The study, Matthew Cappucci wrote for The Washington Post, observed a strong relationship between heat extremes and human-caused climate change, determining that greenhouse gas emissions made the heat wave at least 150 times more likely to happen.
Looking into the future, the study estimated that with 2 degrees Celsius of global warming, this type of event would have been another degree hotter and would occur roughly every five to 10 years instead of once every thousand years.
“We underestimate just how big a difference global warming can make to the likelihoods of extremes,” tweeted Zeke Hausfather, climate and energy director at The Breakthrough Institute.
What can be done? The World Weather Attribution team, as Zack Budryk reported for The Hill, said that certain steps can help mitigate death from extreme heat, such as implementing early warning systems.
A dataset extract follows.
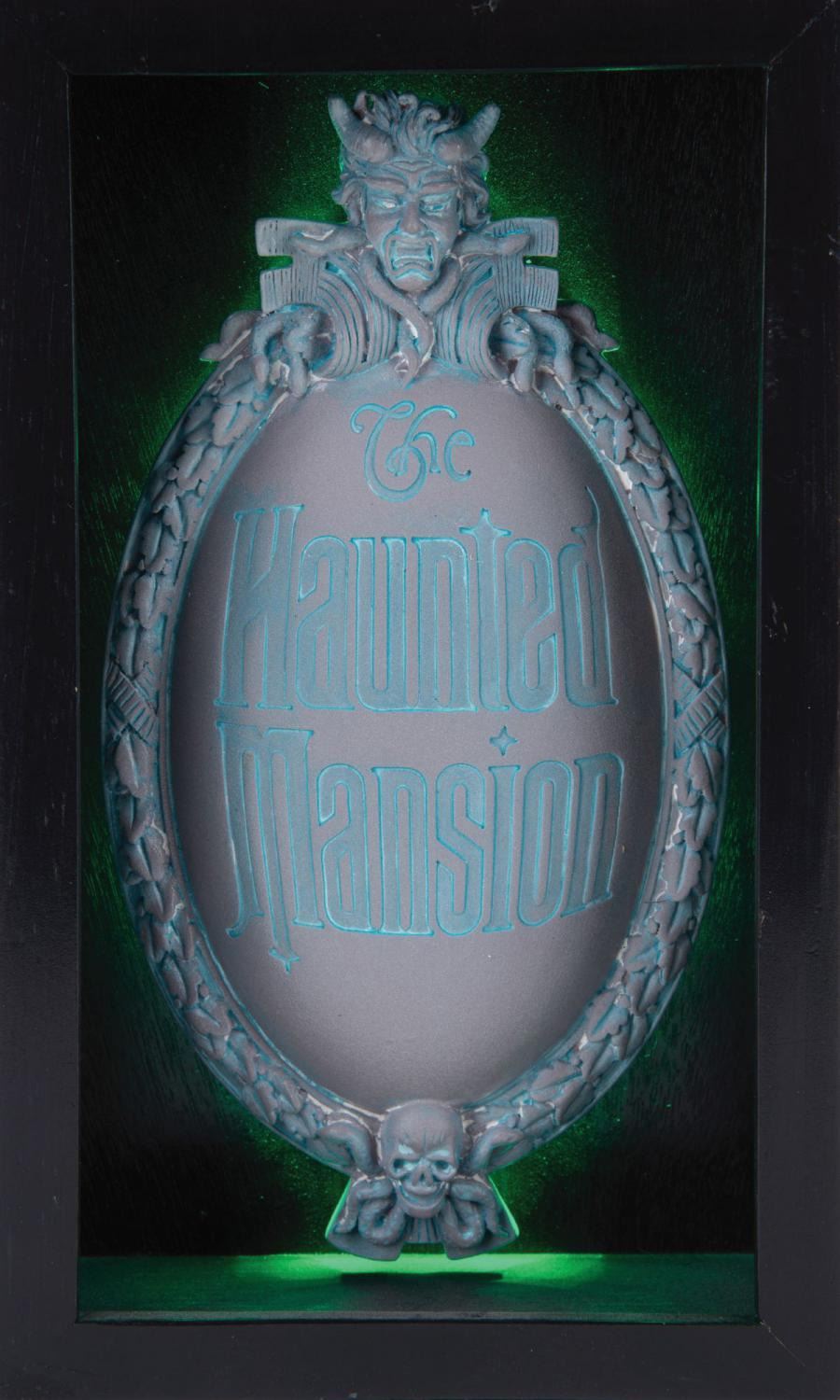 (Disney Parks, 2000s) A miniature "Dearly Departed" replica of The Haunted Mansion main gate plaque at Disney Parks. The piece was designed by artist Randy Noble and once available exclusively in a limited edition of 999, through "The Haunted Mansion 999 Happy Haunts Ball" at The Magic Kingdom. The piece requires two AAA batteries (not included). Measuring 9" tall and 5.5" and 2.5", the piece is in fine working condition, with slight oxidation in the battery compartment.

But they stressed that long-term plans for reducing emissions must incorporate the risks posed by such conditions — as Tedros of the WHO also has said.
The Monash and Shandong researchers — who linked 5 million deaths to extreme heat and cold — said they hope governments will consider the impact of temperatures on global health as they develop adaptation and mitigation strategies, with the understanding that a greater degree of climate change means a greater amount of death.
ROUND-UP
Thirsty Thursday
Once known for its water, Chicago now battles a changing Lake Michigan
- Although “water is, in fact, why Chicago exists,” climate change has been “pushing Lake Michigan’s water levels toward uncharted territory,” Dan Egan reported in a stunning multimedia presentation for The New York Times.
- “The same waters that gave life to the city threaten it today,” Egan wrote.
- Chicago’s skyscrapers were built on a swamp. And while engineering projects have long “fought to maintain a perilous balance, keeping water in its place,” climate patterns are now making the lake’s high-water cycles higher and the lows lower.
- As storms ravage lakefront neighborhoods, Egan wrote, residents are grasping for solutions — waiting to learn whether the government will fund offshore breakwaters that might “dissipate the force of the surf” that has pounded their homes.
Extra water? California wants to put it in the bank
- Like many Western states — or Chicago — California is being pummeled by extremes: either long periods of drought that kills crops and lawns, or intense floods that can wipe out dams, Bloomberg reported.
- But with $7.1 billion in state bonds available for water projects — and $2.7 billion just for storage — managers are looking to “water banking” to smooth out those highs and lows.
- One case study: Sites Reservoir, a dry valley adjacent to a major river, that can fill only in times of extreme flooding. Had it been operational in 2017, the project director said, California farmers would now have another million acre-feet of water — enough to cover Los Angeles waist deep.
Once the lifeblood of the desert, Gila River faces an uncertain future
- While Arizona’s Gila River once gushed through the Sonoran Desert, the waterway is now the nation’s most endangered river, Jim Robbins reported for Yale E360.
- As the climate continues to warm, scientists predict that by 2050, snow will no longer fall in the New Mexican mountain ranges that form the Gila’s headwaters, according to Robbins.
- And without water, a lucrative agricultural sector will falter, Robbins observed. “Desert rivers, of course, make life in the desert possible for people, too.”
- The Gila River Indian Community, for which the Gila River is a historic lifeblood, is trying to cope with this changing reality — by launching an innovative underground water storage project, as Sharon reported for Ensia in May.